Allow for Flexible Preprocessing #897

8bit-pixies · 2019-07-27T22:50:09Z

[please review the Contribution Guidelines prior to submitting your pull request. go ahead and delete this line if you've already reviewed said guidelines.]

What does this PR do?

Too many things - so many things that I'm pretty sure there will be discussions on whether this is the way to proceed. Putting it up here before I invest more time on it. This PR addresses several items (possibly too many again) including

#507
#836
Handling of categorical data #771 - I know its not directly related; but it is the closest issue, and in my mind it would allow for extending it to using different encodings like using this: https://github.com/scikit-learn-contrib/categorical-encoding

Which are all related to how TPOT does preprocessing. This PR does a number of things including re-introducing "RandomTree" option in templates that allows specifying templates in the form Transformer-RandomTree; which will then allow things like My_Preprocessing-RandomTree.

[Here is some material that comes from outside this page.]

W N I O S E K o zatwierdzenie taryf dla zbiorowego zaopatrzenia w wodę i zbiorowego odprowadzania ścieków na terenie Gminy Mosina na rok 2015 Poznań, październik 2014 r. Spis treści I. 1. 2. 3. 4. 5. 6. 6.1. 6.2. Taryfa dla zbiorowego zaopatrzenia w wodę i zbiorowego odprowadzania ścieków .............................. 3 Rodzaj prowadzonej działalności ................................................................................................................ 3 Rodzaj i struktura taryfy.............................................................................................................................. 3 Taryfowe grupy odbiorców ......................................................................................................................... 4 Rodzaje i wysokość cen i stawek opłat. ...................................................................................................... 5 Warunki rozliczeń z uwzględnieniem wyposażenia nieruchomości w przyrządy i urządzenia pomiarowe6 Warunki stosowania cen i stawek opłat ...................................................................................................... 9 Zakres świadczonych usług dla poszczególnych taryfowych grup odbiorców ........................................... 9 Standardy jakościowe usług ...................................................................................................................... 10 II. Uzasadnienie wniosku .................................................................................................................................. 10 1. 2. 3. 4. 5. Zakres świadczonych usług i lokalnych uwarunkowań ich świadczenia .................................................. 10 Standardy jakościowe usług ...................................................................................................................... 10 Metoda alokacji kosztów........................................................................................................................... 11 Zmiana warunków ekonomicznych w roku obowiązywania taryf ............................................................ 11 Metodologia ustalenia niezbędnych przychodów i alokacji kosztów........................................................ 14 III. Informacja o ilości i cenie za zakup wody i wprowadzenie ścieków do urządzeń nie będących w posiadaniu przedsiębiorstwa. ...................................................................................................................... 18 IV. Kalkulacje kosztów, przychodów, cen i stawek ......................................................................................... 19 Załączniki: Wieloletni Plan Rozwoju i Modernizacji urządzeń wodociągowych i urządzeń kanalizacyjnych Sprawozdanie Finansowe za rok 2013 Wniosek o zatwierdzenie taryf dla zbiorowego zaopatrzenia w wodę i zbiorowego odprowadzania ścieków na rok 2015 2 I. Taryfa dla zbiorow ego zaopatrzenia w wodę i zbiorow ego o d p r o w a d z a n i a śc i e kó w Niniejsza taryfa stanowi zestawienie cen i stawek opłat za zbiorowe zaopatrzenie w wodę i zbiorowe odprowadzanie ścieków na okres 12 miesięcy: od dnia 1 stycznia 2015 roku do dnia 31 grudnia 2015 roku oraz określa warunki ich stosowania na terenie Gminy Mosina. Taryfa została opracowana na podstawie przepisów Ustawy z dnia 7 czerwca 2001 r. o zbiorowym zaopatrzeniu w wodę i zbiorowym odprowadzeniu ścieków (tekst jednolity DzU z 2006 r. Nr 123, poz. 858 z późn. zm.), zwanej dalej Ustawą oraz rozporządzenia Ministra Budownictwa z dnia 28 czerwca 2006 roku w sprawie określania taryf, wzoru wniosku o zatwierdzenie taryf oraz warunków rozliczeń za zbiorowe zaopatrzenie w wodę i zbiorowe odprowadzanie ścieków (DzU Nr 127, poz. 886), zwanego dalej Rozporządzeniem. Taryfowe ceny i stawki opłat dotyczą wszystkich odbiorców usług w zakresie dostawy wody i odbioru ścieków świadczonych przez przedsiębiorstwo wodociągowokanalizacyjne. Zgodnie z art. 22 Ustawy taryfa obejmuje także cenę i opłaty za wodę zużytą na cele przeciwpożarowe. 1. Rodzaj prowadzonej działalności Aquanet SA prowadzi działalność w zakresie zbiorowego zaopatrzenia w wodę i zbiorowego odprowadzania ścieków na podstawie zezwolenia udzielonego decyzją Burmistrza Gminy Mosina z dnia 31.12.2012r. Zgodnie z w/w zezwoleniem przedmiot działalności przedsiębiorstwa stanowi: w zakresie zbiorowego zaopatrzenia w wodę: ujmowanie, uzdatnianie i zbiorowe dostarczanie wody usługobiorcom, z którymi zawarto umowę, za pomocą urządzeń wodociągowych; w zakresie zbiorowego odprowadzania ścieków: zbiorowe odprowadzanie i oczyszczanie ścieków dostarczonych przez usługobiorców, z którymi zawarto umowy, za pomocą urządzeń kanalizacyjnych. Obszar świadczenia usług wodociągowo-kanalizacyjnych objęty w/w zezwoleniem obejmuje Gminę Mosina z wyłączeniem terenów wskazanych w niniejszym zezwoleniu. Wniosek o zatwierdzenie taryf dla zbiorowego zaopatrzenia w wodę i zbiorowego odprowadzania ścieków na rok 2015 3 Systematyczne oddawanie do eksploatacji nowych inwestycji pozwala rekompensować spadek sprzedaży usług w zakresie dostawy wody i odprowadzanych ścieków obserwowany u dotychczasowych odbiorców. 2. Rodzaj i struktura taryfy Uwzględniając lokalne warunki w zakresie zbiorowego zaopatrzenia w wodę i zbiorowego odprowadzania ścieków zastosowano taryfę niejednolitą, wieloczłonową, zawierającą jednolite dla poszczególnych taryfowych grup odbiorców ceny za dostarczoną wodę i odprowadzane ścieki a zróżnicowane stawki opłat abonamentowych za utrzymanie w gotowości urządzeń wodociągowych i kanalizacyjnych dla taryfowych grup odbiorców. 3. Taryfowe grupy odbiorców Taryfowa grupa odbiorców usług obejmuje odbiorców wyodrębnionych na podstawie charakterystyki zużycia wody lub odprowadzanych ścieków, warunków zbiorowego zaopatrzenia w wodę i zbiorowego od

The high level approach is to inject additional preprocessing steps when _fit_init is called which then alters the behaviour of TPOT.

Where should the reviewer start?

tpot/base.py - will add comments in files as part of this PR with my thoughts...

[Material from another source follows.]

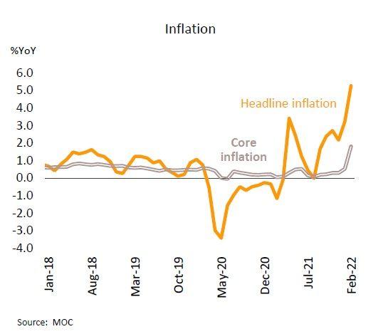อย่างไรก็ตาม ทางการได้มีมาตรการปรับลดภาษีสรรพสามิตน้ำมันดีเซล ซึ่งจะช่วยตรึงราคาไม่ให้เกิน 30 บาทต่อลิตร จนถึงเกือบสิ้นเดือนพฤษภาคม นอกจากนี้ สินค้าในกลุ่มอาหารโดยเฉพาะอาหารสำเร็จรูป และอาหารบริโภคนอกบ้าน มีการปรับราคาสูงขึ้นตามต้นทุนวัตถุดิบ ด้านอัตราเงินเฟ้อพื้นฐาน (หักราคาหมวดอาหารสดและพลังงาน) เร่งขึ้นมาอยู่ที่ 1.80% สูงสุดในรอบกว่า 7 ปี จาก 0.52% เดือนมกราคม สำหรับในช่วง 2 เดือนแรกของปีนี้ อัตราเงินเฟ้อทั่วไปและอัตราเงินเฟ้อพื้นฐาน เฉลี่ยอยู่ที่ 4.25% และ 1.16% ตามลำดับ

Also can't get relative imports working - so that would be appreciated for the tpot.drivers.load_scoring_function part

How should this PR be tested?

Happy to add new tests later; when the design is approved...

Any background context you want to provide?

NIL see above

What are the relevant issues?

#507
#836
Handling of categorical data #771

Screenshots (if appropriate)

Example of API using modified Iris dataset

from tpot import TPOTClassifier
from sklearn.datasets import load_iris
from sklearn.model_selection import train_test_split
import numpy as np
import pandas as pd

iris = load_iris()
X_train, X_test, y_train, y_test = train_test_split(iris.data.astype(np.float64),
    iris.target.astype(np.float64), train_size=0.75, test_size=0.25)

tpot = TPOTClassifier(generations=1, population_size=5, verbosity=2, template="PCA-RandomTree")

X_train_df = pd.DataFrame(X_train, columns=["num1", "num2", "num3", "num4"])
X_train_df['text'] = np.random.choice(["hello", "world", "foo", "bar world", "bar hello"], X_train.shape[0])

tpot2 = TPOTClassifier(generations=1, population_size=5, verbosity=2, template="PCA-LogisticRegression", 
                      preprocess_config_dict = {
                          'numeric_columns': ["num2"]
                      })
tpot2.fit(X_train_df, y_train)

tpot2 = TPOTClassifier(generations=1, population_size=5, verbosity=2, template="PCA-LogisticRegression", 
                      preprocess_config_dict = {
                          'numeric_columns': ["num2", "num3", "num4"]
                      })
tpot2.fit(X_train_df, y_train)

tpot2 = TPOTClassifier(generations=1, population_size=5, verbosity=2, template="PCA-LogisticRegression", 
                      preprocess_config_dict = {
                          'numeric_columns': ["num2"],
                          'text_columns': ['text']
                      })
tpot2.fit(X_train_df, y_train)

Generation 1 - Current best internal CV score: 0.5908385093167702

Best pipeline: LogisticRegression(PCA(PreprocessTransformer(input_matrix, numeric_columns=['num2']), iterated_power=2, svd_solver=randomized), C=20.0, dual=True, penalty=l2)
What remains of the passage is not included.